Published on 12:00 AM, November 20, 2012

<i>Sea level to rise 3 feet by 2100</i>

WB report states how climate change to hit Bangladesh; warns poorest countries to be worst sufferers

As a consequence of climate charge, the sea level will rise by up to 3 feet in Bangladesh, where water scarcity and falling crop yields exacerbate hunger and poverty, says a recent report by the World Bank.
Published on Sunday, the report says all nations will suffer the effects of a warmer world, but it is the world's poorest countries that will be hit hardest by food shortages, rising sea levels, cyclones and drought.
The study says sea level-rise by 3 feet by 2100 is likely, with higher levels also possible.
Some of the most highly vulnerable cities are located in Bangladesh, India, Indonesia, the Philippines, Vietnam, Mozambique, Madagascar, Mexico and Venezuela.
The report, titled "Turn Down the Heat: Why a 4 degrees Celsius Warmer World Must be Avoided”, urges "further mitigation action as the best insurance against an uncertain future”.
It highlights the devastating impact of a world hotter by 4 degrees Celsius (7.2 Fahrenheit) by the end of the century, a likely scenario under current policies.
The study findings come as almost 200 nations meet in Doha, Qatar, from November 26 to December 7 to try to extend the Kyoto Protocol, the existing plan for curbing greenhouse gas emissions by developed nations that runs to the end of the year.
The Germany-based organisations Potsdam Institute for Climate Impact Research and Climate Analytics prepared the report for the World Bank.
Under the new World Bank president, Jim Yong Kim, the global development lender says it has launched a more aggressive stance to integrate climate change into development.
"We will never end poverty if we don't tackle climate change. It is one of the single biggest challenges to social justice today," Kim told reporters on a conference call on Friday.
Climate change is already having an effect. Arctic sea ice reached a record minimum in September, and extreme heat waves and drought in the last decade have hit places like the United States and Russia more often than would be expected from historical records, says the report.
Such extreme weather is likely to become the "new normal" if the temperature rises by 4 degrees.
This is likely to happen if not all countries comply with pledges they have made to reduce greenhouse gas emissions.
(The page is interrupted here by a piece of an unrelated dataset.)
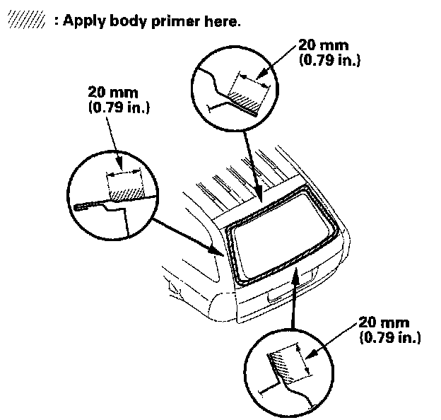 - Never touch the primed surfaces with your hands. If you do, the adhesive may not bond to the rear window properly, causing a leak after the rear window is installed.
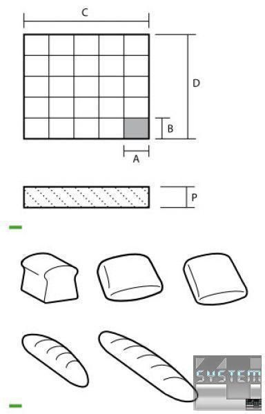 Прямоугольный полу-автоматический тестоделитель, позволяющий разрезать сырое тесто на маленькие и большие порции одного веса и формы.

Even assuming full compliance, the world will warm by more than 3 degrees by 2100.
Extreme heat waves would devastate broad swaths of the earth's land, from the Middle East to the United States, the report says.
The warmest July in the Mediterranean could be 9 degrees hotter than it is today -- akin to temperatures seen in the Libyan deserts.
The combined effect of all these changes could be even worse, with unpredictable effects that people may not be able to adapt to, said John Schellnhuber, director of the Potsdam Institute for Climate Impact Research.
Rachel Kyte, the World Bank's vice-president for sustainable development, said, "This report reinforces the reality that today's climate volatility affects everything we do.”